• [Entries supplied]:
= = = =
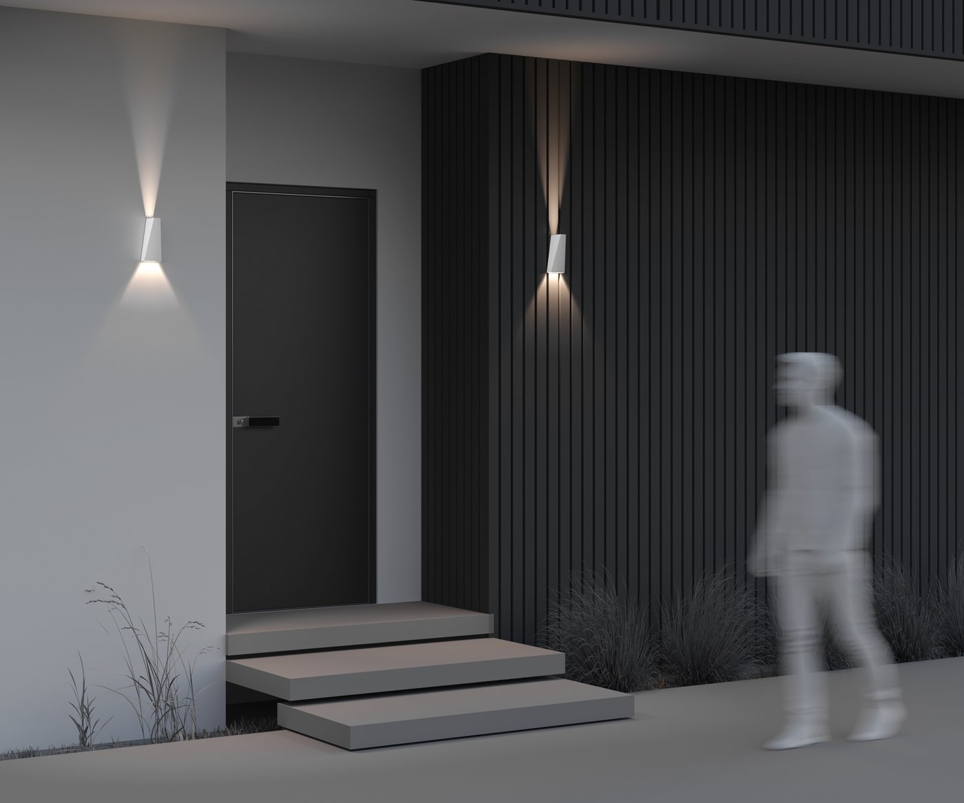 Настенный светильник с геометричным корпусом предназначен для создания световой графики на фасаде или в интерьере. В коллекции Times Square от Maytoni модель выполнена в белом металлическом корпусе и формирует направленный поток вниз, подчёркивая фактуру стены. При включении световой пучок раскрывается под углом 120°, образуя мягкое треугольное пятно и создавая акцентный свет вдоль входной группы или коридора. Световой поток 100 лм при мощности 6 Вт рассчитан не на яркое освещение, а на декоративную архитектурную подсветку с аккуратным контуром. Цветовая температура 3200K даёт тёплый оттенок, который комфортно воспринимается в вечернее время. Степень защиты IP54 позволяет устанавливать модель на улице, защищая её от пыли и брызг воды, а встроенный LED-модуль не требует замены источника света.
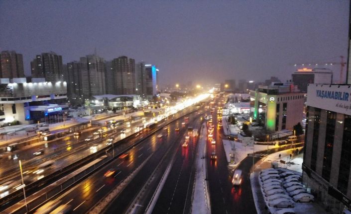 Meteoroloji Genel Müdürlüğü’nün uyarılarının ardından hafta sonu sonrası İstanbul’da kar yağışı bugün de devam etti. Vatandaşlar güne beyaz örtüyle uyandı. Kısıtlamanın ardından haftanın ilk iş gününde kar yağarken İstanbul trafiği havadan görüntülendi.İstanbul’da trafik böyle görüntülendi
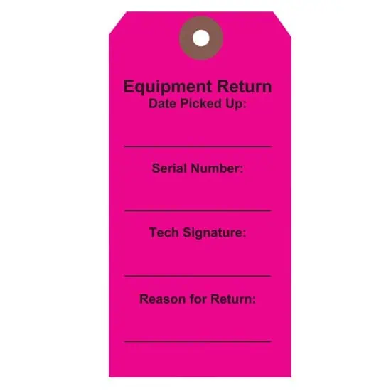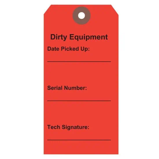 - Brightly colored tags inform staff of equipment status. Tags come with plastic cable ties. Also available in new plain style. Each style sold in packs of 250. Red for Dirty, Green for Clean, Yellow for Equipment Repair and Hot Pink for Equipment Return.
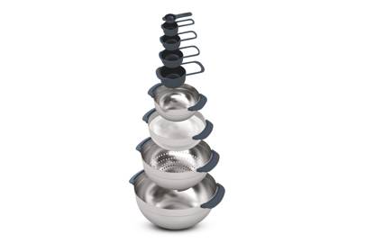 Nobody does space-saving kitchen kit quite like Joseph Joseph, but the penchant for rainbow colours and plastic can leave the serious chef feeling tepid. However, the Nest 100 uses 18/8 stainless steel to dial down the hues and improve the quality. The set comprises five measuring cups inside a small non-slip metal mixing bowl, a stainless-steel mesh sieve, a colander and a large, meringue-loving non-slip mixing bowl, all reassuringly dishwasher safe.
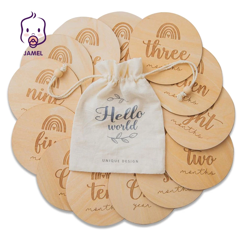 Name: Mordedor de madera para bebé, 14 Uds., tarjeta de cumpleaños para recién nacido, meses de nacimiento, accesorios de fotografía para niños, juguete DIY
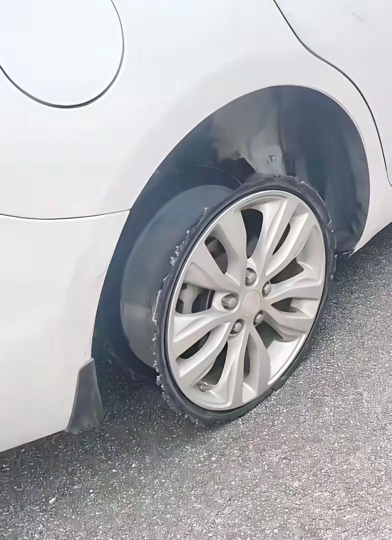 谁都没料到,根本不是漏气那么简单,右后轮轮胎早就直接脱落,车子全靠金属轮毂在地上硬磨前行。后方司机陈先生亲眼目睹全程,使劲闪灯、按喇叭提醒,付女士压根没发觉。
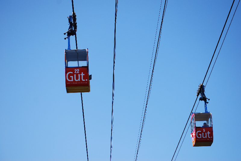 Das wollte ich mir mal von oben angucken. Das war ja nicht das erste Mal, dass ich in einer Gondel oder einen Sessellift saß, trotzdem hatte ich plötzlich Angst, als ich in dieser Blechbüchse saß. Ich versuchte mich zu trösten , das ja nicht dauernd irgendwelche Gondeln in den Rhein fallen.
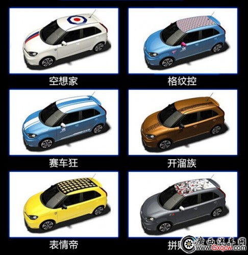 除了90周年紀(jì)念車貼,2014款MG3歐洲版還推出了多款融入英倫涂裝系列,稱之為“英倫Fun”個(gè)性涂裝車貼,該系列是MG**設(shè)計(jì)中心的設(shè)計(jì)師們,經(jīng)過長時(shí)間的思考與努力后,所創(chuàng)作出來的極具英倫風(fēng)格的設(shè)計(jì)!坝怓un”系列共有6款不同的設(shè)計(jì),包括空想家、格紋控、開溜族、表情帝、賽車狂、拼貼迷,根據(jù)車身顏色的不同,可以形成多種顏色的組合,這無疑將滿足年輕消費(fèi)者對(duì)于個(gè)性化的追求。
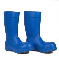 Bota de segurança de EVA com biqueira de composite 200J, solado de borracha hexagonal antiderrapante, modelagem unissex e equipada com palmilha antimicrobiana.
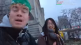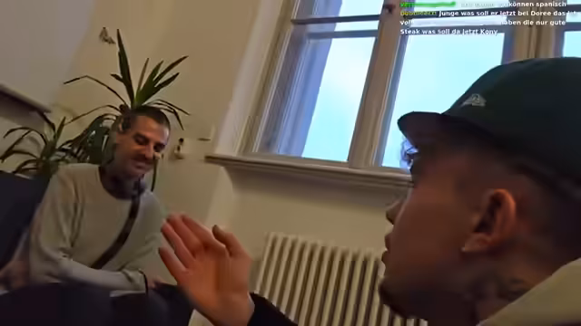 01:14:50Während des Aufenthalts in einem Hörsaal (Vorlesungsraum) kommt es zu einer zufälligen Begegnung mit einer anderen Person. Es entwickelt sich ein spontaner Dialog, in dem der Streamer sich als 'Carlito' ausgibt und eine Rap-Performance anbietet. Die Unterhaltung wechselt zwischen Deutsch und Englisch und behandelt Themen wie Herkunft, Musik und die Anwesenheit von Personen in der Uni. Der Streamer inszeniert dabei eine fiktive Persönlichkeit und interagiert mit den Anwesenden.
= = = =
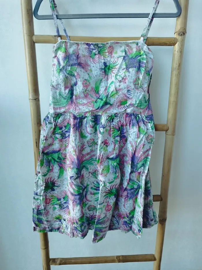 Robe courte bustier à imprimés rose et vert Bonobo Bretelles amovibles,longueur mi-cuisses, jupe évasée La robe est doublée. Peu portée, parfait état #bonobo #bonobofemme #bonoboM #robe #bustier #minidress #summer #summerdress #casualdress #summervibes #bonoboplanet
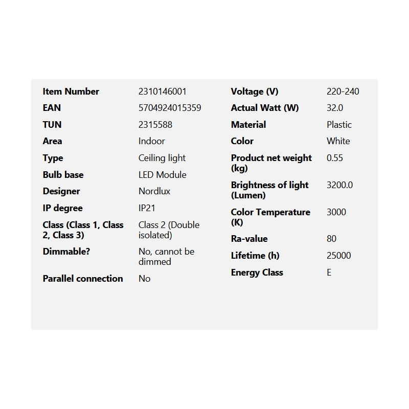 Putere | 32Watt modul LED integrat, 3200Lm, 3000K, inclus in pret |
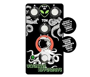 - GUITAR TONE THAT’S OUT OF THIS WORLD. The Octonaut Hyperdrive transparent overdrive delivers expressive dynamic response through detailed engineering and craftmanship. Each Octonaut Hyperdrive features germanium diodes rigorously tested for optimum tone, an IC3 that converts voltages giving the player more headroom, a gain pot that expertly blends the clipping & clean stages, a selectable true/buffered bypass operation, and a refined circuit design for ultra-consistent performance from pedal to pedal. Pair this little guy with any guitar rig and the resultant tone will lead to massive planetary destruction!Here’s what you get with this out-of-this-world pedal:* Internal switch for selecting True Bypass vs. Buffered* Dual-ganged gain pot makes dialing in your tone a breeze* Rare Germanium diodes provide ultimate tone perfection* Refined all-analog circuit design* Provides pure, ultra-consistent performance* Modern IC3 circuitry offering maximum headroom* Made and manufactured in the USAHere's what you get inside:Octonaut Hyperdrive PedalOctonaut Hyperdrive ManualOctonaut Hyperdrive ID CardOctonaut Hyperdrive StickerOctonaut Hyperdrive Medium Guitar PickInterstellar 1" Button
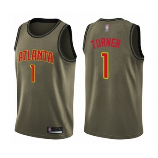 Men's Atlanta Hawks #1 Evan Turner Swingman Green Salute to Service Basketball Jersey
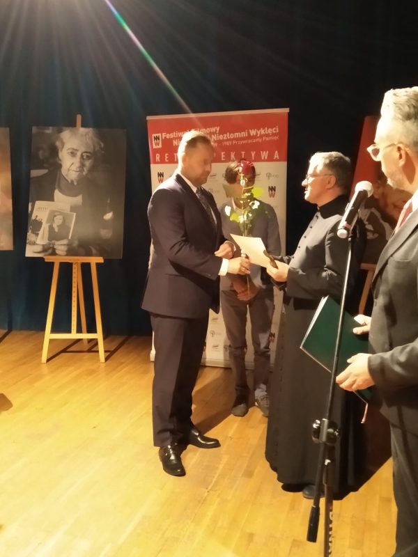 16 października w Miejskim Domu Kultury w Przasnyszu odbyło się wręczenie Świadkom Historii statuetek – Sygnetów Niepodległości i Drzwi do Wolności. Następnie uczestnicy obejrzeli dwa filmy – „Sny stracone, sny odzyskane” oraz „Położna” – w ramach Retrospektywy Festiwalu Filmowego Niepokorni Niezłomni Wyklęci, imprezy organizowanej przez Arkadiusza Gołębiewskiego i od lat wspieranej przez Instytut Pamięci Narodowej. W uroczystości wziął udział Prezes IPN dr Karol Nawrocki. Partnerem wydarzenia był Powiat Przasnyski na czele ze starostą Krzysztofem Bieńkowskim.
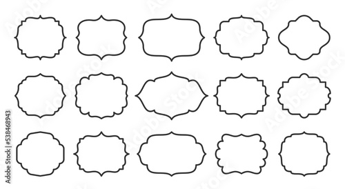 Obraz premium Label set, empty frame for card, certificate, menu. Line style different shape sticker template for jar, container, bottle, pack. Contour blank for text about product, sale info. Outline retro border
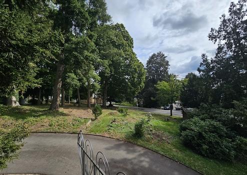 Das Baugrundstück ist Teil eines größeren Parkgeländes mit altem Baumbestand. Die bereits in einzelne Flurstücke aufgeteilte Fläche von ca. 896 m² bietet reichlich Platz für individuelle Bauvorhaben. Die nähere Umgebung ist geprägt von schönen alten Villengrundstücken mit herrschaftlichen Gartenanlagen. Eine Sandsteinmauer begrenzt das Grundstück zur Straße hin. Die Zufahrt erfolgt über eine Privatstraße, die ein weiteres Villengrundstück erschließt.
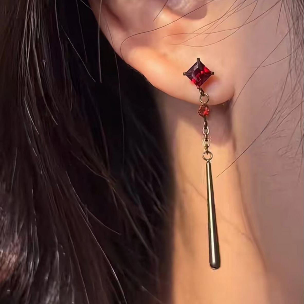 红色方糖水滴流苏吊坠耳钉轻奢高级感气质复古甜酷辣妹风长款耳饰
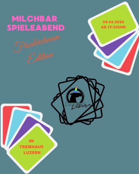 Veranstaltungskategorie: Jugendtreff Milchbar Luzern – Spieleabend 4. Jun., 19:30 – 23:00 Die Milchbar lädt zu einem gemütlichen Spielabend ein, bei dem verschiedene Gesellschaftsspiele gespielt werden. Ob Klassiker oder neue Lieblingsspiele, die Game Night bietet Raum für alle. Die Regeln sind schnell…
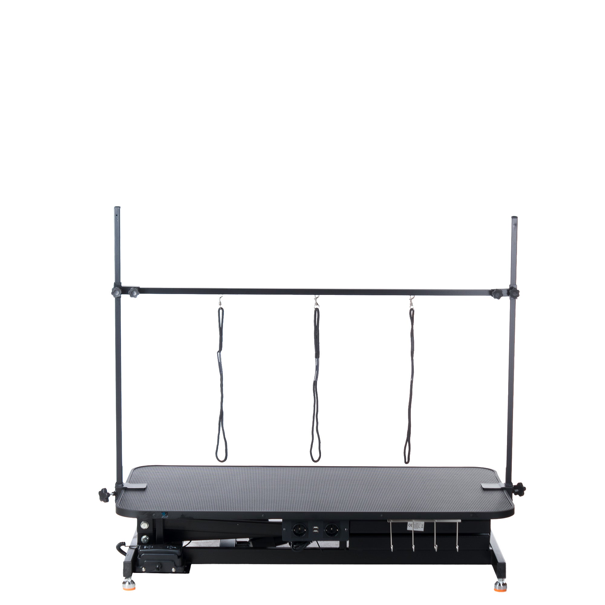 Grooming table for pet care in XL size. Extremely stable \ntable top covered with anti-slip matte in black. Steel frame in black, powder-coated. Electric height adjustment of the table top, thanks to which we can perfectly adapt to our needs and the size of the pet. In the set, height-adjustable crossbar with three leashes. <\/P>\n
= = = =
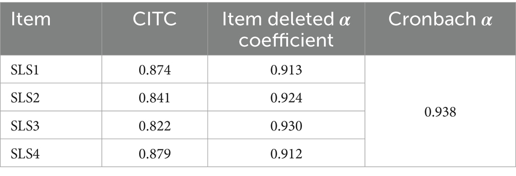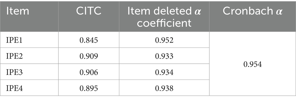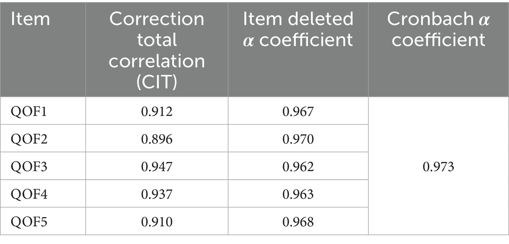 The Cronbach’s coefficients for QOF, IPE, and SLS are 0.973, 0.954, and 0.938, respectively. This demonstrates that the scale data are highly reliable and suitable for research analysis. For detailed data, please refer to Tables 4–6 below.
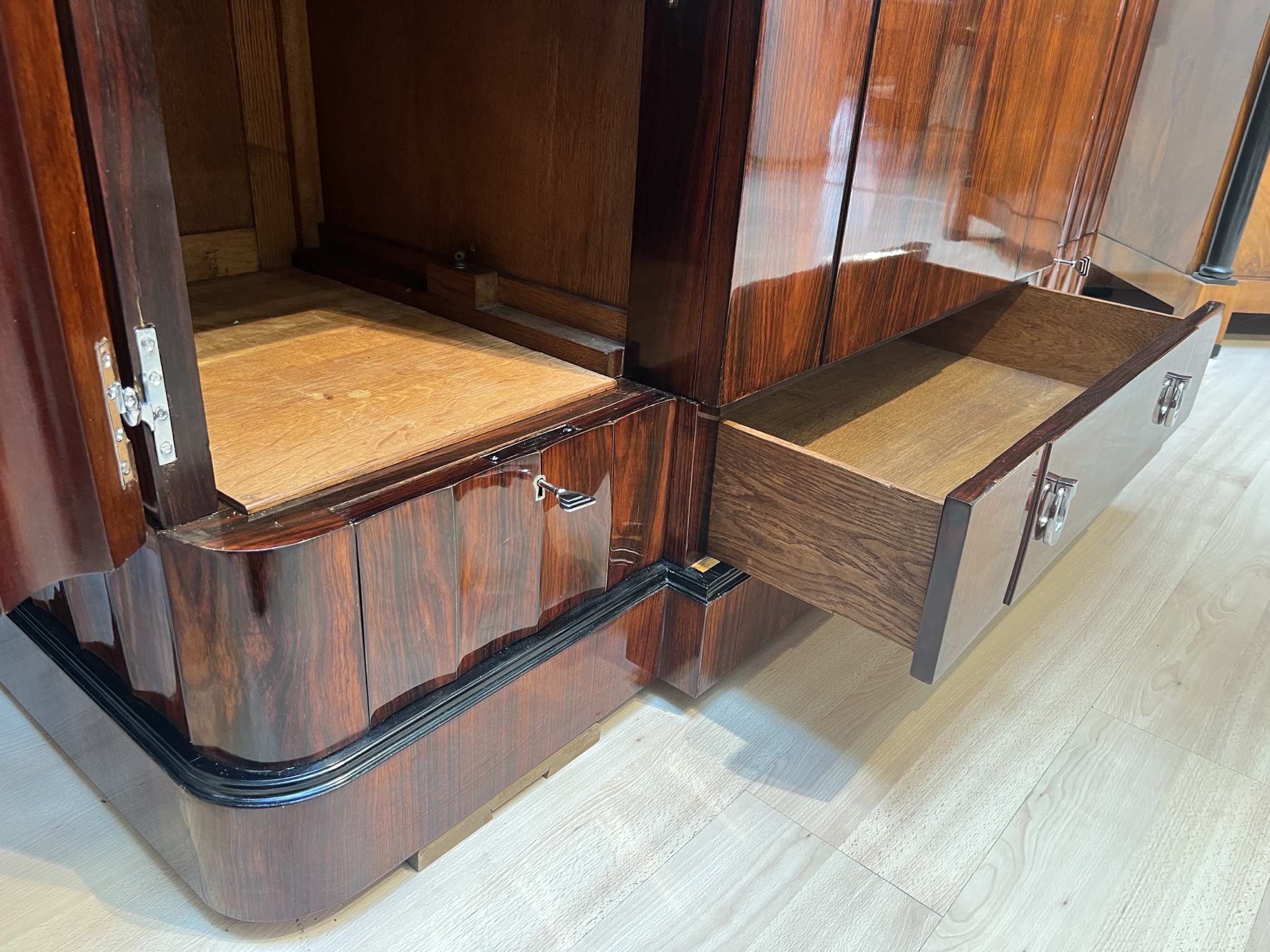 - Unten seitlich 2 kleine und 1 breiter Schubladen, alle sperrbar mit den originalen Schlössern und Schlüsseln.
= = = =
• [Task details]: Begin at the line in the entries above that has "Meteoroloji Genel Müdürlüğü’nün", stop after the line that has "- Brightly colored", and output exactly those lines without pictures.

• [Task result]:
 Meteoroloji Genel Müdürlüğü’nün uyarılarının ardından hafta sonu sonrası İstanbul’da kar yağışı bugün de devam etti. Vatandaşlar güne beyaz örtüyle uyandı. Kısıtlamanın ardından haftanın ilk iş gününde kar yağarken İstanbul trafiği havadan görüntülendi.İstanbul’da trafik böyle görüntülendi
 - Brightly colored tags inform staff of equipment status. Tags come with plastic cable ties. Also available in new plain style. Each style sold in packs of 250. Red for Dirty, Green for Clean, Yellow for Equipment Repair and Hot Pink for Equipment Return.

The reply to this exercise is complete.